_ACTIVITY_. Please output the section of the listing below that opens with the line containing "- ΕπιλέγωΡυθμίσειςΣτην επάνω" and closes with the line containing "Le marathon se", exactly and with nothing else.

_GIVEN INFORMATION_.
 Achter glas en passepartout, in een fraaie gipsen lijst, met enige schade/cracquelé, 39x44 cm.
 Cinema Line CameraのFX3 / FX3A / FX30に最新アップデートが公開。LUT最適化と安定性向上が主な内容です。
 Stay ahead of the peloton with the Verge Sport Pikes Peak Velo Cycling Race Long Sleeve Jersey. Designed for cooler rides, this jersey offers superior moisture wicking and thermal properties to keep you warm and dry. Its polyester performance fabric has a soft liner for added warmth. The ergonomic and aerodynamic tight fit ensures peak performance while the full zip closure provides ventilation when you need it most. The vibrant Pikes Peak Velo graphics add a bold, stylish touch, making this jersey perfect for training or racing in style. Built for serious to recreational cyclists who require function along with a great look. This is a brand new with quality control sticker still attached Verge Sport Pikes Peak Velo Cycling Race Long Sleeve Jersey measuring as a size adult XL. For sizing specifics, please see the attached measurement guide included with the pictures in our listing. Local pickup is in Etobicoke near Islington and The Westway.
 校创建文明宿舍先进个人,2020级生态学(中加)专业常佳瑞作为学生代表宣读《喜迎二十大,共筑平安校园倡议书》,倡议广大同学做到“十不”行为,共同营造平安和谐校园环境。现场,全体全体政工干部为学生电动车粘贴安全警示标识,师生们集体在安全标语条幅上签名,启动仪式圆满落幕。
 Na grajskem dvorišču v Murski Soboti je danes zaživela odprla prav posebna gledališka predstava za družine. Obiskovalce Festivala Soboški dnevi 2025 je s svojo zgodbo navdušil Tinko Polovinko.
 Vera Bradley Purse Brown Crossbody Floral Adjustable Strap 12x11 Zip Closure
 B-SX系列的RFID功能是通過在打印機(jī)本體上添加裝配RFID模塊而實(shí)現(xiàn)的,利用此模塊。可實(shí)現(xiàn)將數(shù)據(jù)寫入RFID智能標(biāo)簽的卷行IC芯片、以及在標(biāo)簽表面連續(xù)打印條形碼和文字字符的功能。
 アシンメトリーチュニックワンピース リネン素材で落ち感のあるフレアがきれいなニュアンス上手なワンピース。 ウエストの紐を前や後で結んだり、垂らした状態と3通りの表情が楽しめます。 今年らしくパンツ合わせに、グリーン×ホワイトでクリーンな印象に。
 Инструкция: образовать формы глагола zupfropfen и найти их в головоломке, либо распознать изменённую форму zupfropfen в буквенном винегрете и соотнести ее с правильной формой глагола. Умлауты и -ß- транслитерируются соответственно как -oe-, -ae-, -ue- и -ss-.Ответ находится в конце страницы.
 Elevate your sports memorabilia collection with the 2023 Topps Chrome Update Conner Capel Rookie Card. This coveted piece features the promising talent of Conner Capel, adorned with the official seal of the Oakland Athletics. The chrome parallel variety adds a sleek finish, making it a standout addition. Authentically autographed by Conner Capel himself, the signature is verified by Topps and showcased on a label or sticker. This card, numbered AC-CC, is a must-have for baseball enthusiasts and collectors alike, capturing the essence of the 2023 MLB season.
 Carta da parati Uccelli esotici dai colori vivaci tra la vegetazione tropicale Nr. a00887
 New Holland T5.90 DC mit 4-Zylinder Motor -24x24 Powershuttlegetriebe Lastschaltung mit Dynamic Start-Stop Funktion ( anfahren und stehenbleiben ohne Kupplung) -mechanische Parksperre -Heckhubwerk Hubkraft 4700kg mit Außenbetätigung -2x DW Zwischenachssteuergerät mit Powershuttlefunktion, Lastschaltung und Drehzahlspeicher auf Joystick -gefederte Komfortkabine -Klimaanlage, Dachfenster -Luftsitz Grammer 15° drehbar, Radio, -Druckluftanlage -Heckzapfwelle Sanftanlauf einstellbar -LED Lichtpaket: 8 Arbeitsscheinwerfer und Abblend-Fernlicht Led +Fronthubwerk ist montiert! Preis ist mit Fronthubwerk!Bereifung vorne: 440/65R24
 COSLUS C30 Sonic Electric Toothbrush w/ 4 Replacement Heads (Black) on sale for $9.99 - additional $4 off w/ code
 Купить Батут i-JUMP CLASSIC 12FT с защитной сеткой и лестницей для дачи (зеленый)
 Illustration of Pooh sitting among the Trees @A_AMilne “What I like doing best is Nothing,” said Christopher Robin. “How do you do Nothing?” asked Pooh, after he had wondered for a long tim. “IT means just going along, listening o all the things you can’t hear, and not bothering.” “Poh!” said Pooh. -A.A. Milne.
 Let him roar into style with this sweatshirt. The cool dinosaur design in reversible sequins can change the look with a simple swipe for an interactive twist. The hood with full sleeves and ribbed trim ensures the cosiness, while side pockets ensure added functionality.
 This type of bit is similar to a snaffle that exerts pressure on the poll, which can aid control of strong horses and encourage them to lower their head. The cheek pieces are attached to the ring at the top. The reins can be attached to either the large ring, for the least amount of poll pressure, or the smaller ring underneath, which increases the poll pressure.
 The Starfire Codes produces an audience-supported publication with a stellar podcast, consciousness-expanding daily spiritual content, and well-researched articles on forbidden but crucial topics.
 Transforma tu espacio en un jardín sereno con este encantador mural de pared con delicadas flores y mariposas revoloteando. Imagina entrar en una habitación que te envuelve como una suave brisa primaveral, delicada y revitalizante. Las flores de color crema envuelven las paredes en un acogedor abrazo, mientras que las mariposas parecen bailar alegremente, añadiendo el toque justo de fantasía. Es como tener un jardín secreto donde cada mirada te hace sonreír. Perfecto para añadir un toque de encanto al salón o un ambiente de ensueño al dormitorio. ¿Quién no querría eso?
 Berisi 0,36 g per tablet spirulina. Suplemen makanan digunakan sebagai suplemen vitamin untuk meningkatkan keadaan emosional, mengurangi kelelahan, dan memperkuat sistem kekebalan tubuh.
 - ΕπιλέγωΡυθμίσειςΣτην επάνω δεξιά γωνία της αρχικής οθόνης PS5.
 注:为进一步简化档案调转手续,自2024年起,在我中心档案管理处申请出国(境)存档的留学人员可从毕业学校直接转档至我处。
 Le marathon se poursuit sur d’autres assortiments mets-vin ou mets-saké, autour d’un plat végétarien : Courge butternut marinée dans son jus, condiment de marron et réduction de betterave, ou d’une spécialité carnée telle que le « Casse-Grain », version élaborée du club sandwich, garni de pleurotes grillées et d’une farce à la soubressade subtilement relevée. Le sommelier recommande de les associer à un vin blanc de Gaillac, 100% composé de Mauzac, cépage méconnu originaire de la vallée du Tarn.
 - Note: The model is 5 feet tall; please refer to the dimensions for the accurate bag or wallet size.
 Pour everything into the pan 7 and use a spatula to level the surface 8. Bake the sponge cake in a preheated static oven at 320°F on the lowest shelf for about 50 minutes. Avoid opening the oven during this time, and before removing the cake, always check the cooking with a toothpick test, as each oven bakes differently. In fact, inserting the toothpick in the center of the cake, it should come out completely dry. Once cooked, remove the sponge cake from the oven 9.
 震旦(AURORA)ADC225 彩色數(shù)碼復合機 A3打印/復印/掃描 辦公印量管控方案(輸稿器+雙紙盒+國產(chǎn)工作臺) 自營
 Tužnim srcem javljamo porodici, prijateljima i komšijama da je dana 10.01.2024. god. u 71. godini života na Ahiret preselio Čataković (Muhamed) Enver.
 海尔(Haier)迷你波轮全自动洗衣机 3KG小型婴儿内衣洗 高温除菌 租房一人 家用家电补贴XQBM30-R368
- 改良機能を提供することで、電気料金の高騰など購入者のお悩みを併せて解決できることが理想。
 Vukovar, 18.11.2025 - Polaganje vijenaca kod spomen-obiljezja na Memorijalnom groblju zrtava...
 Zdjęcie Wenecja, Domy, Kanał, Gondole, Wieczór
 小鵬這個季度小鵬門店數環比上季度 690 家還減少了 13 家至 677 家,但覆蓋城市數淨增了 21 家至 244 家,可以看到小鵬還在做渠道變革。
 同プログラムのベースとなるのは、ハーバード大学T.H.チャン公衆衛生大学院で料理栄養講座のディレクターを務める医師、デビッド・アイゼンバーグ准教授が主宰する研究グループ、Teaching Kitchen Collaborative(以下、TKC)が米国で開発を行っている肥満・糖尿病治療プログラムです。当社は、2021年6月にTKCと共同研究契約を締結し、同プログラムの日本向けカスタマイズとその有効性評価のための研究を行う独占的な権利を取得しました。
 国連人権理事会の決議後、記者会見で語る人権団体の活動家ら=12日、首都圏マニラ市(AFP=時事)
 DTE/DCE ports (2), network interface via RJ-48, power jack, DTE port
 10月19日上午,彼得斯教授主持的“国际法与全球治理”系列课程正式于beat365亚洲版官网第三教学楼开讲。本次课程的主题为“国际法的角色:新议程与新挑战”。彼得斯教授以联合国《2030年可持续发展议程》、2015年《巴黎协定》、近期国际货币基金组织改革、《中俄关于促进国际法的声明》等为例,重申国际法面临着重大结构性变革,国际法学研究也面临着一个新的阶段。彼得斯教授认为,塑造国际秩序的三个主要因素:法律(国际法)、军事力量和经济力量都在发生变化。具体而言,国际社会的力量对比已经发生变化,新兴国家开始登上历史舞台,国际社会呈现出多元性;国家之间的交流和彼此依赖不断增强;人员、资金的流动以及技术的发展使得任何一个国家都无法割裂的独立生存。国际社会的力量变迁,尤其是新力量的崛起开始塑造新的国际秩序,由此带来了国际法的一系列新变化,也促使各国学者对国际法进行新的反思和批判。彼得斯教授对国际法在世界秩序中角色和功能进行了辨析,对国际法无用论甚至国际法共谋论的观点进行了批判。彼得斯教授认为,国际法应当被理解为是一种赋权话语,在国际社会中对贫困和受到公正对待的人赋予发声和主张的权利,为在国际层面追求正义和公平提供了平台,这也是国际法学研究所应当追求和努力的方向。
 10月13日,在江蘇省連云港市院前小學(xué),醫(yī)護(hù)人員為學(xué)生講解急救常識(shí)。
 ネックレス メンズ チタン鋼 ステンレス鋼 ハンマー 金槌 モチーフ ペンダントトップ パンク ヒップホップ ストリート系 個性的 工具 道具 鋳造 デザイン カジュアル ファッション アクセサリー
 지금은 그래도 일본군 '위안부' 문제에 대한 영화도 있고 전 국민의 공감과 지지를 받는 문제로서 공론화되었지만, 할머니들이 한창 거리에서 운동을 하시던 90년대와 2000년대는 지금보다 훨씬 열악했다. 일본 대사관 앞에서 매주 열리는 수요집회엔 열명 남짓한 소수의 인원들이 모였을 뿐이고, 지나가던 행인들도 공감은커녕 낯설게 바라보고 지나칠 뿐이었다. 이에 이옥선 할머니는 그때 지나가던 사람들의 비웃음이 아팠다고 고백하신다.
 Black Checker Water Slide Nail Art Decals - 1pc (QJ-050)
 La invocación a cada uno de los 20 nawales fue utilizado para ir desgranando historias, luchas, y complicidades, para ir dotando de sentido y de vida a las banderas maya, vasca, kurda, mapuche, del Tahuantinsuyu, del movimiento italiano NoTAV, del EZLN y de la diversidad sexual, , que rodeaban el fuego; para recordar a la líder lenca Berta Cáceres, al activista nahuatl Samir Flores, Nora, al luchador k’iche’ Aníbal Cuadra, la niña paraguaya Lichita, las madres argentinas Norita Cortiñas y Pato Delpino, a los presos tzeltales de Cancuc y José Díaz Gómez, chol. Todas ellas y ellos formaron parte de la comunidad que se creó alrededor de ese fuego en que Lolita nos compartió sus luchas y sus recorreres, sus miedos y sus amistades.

_EXERCISE OUTPUT_.
 - ΕπιλέγωΡυθμίσειςΣτην επάνω δεξιά γωνία της αρχικής οθόνης PS5.
 注:为进一步简化档案调转手续,自2024年起,在我中心档案管理处申请出国(境)存档的留学人员可从毕业学校直接转档至我处。
 Le marathon se poursuit sur d’autres assortiments mets-vin ou mets-saké, autour d’un plat végétarien : Courge butternut marinée dans son jus, condiment de marron et réduction de betterave, ou d’une spécialité carnée telle que le « Casse-Grain », version élaborée du club sandwich, garni de pleurotes grillées et d’une farce à la soubressade subtilement relevée. Le sommelier recommande de les associer à un vin blanc de Gaillac, 100% composé de Mauzac, cépage méconnu originaire de la vallée du Tarn.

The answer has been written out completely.